◆ **EXERCISE GOAL**:
Copy out each line below verbatim, skipping any picture.
Top of INFORMATION SHOWN
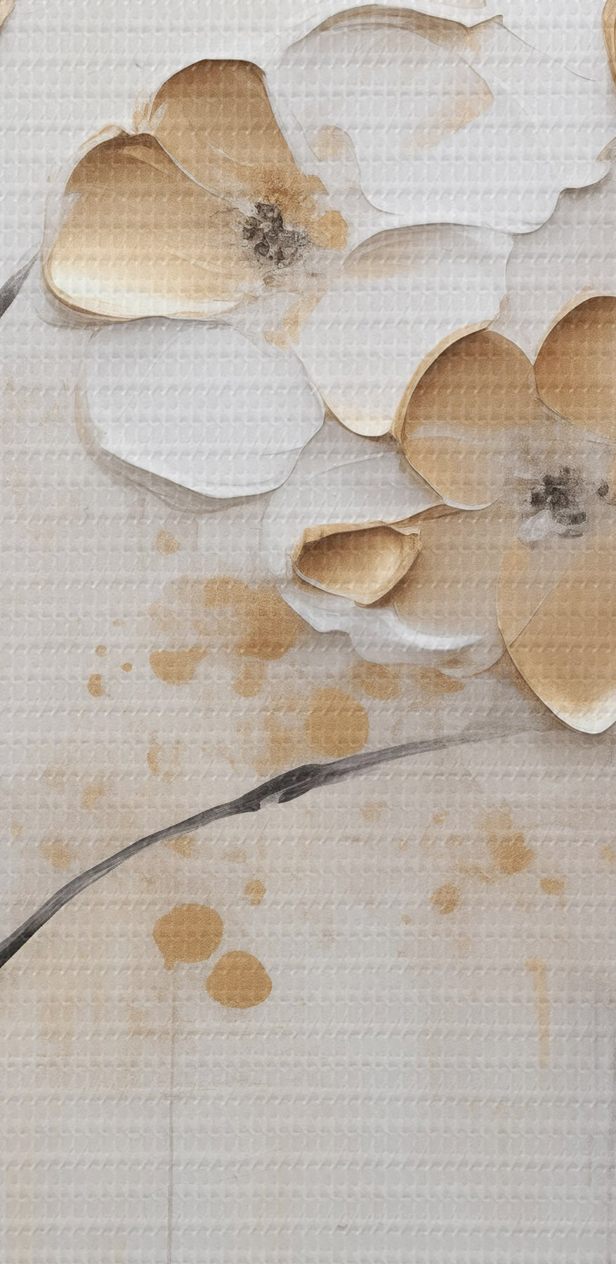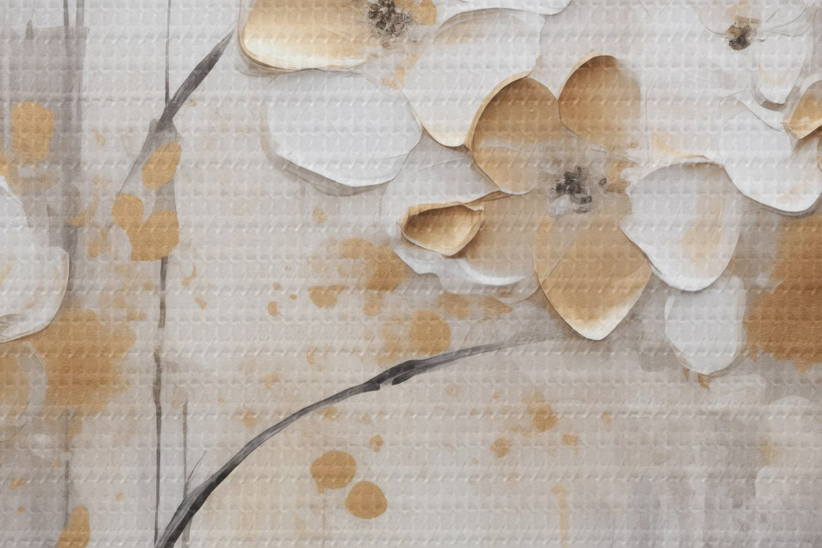 Nuotrauka Gėlės su tekstūriniais žiedlapiais minkštame, prislopintame fone su abstrakčiomis spalvomis ir vertikaliomis linijomis Nr r42713
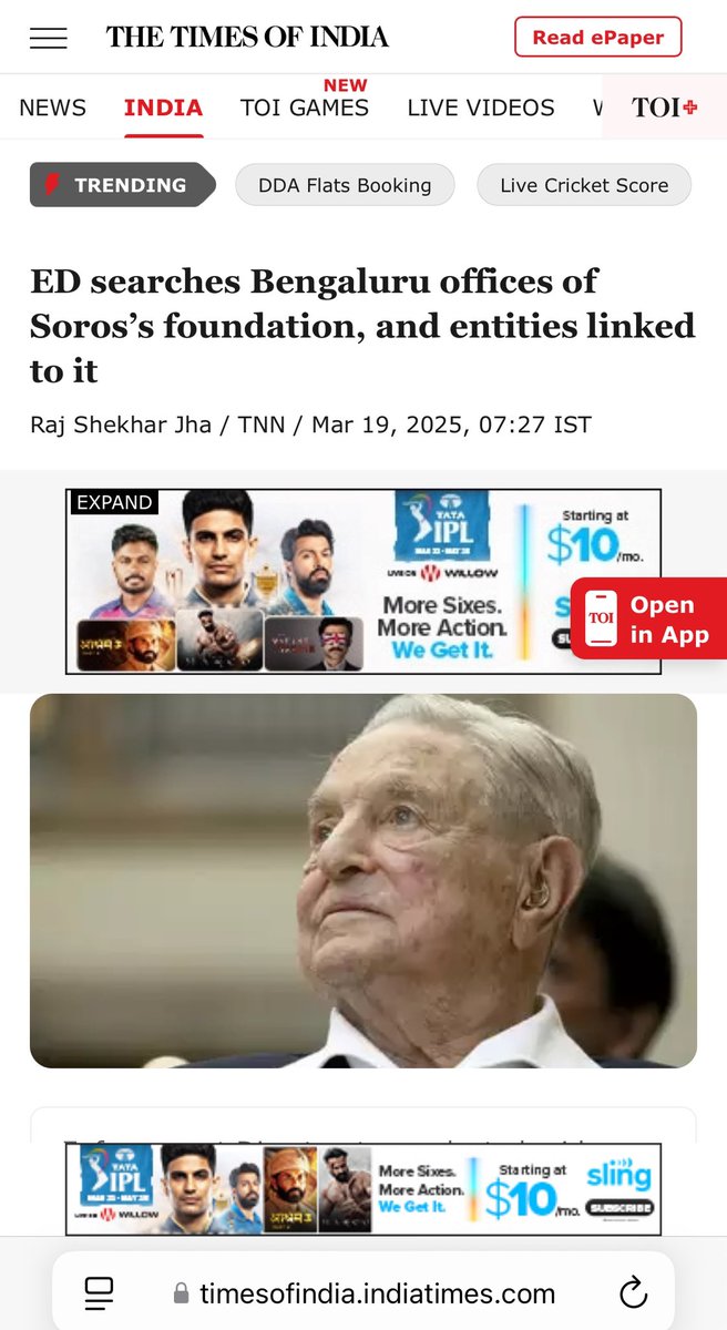 “Enforcement Directorate conducted raids on George Soros's Open Society Foundations for allegedly violating Foreign Exchange Management Act. Investigations revealed that funds were routed to Indian companies through suspicious arrangements, bypassing legal provisions to support NGOs. The action aligns with the controversy Soros faces in the US after opposing Donald Trump.” 💥19 March 2025💥
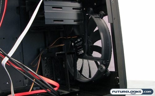 Now I had said that some may have issues with the “low” number of 5 1/4″ bays on this case. Really, if you’re building a LAN box, you want lots of hard drives. A nice mix of the fast, for loading games quickly, and the cavernous, for…other activities, is usually preferred. NZXT has placed four 3 1/2″ drives inside the Panzerbox, and positioned them in way that ensures they get the most cooling while still staying out of the way. This does lead to a rather odd orientation.
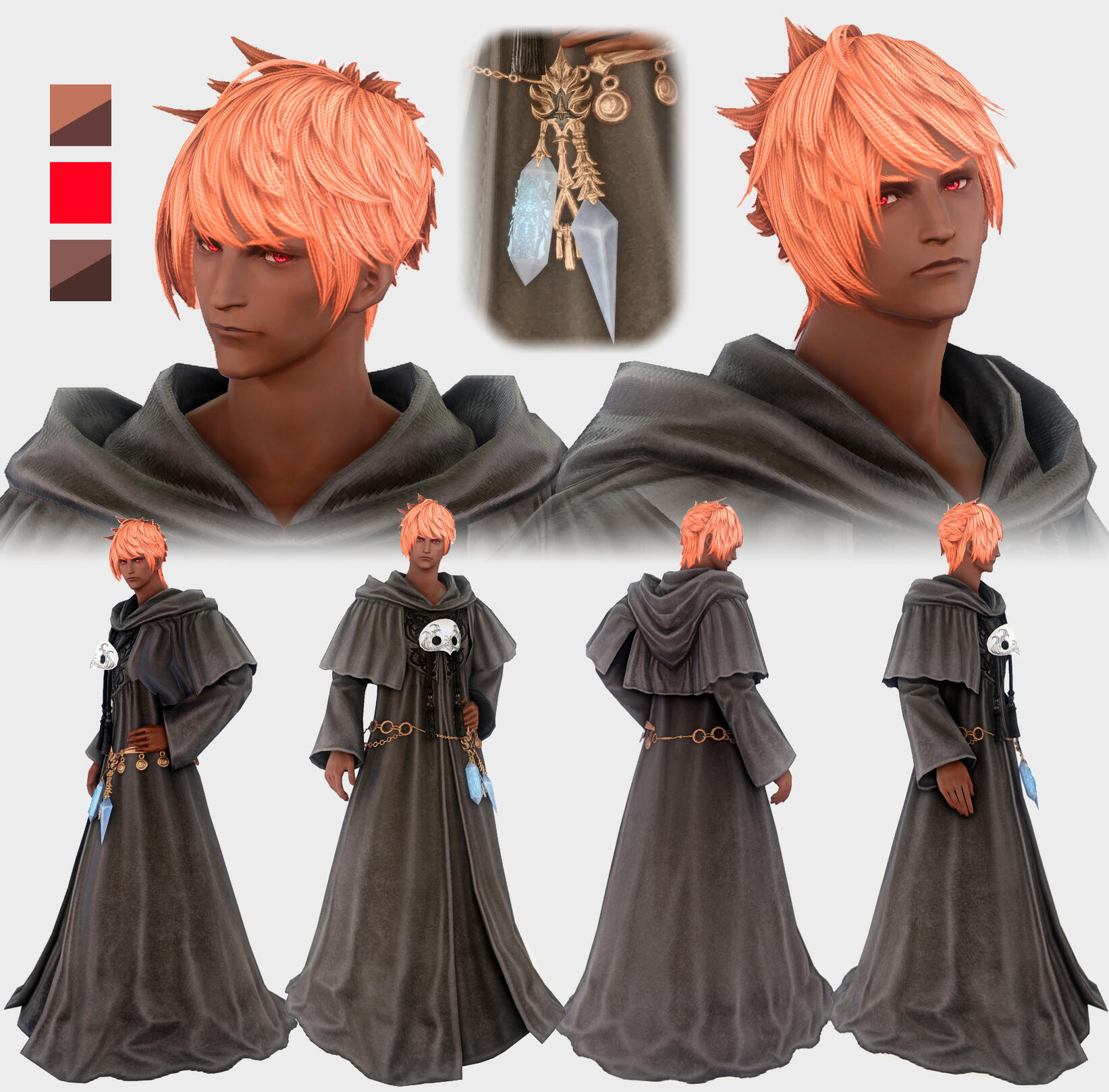 Description: Erichthonios is a tall, dark-skinned Ancient with salmon-colored hair, and red eyes. He wears the usual sophist robe that all Ancients wear but he wears a belt along his waist that has two crystals on it, one with the symbol of Mateus.
Bottom of INFORMATION SHOWN
◆ **EXERCISE ANSWER**:
 Nuotrauka Gėlės su tekstūriniais žiedlapiais minkštame, prislopintame fone su abstrakčiomis spalvomis ir vertikaliomis linijomis Nr r42713
 “Enforcement Directorate conducted raids on George Soros's Open Society Foundations for allegedly violating Foreign Exchange Management Act. Investigations revealed that funds were routed to Indian companies through suspicious arrangements, bypassing legal provisions to support NGOs. The action aligns with the controversy Soros faces in the US after opposing Donald Trump.” 💥19 March 2025💥
 Now I had said that some may have issues with the “low” number of 5 1/4″ bays on this case. Really, if you’re building a LAN box, you want lots of hard drives. A nice mix of the fast, for loading games quickly, and the cavernous, for…other activities, is usually preferred. NZXT has placed four 3 1/2″ drives inside the Panzerbox, and positioned them in way that ensures they get the most cooling while still staying out of the way. This does lead to a rather odd orientation.
 Description: Erichthonios is a tall, dark-skinned Ancient with salmon-colored hair, and red eyes. He wears the usual sophist robe that all Ancients wear but he wears a belt along his waist that has two crystals on it, one with the symbol of Mateus.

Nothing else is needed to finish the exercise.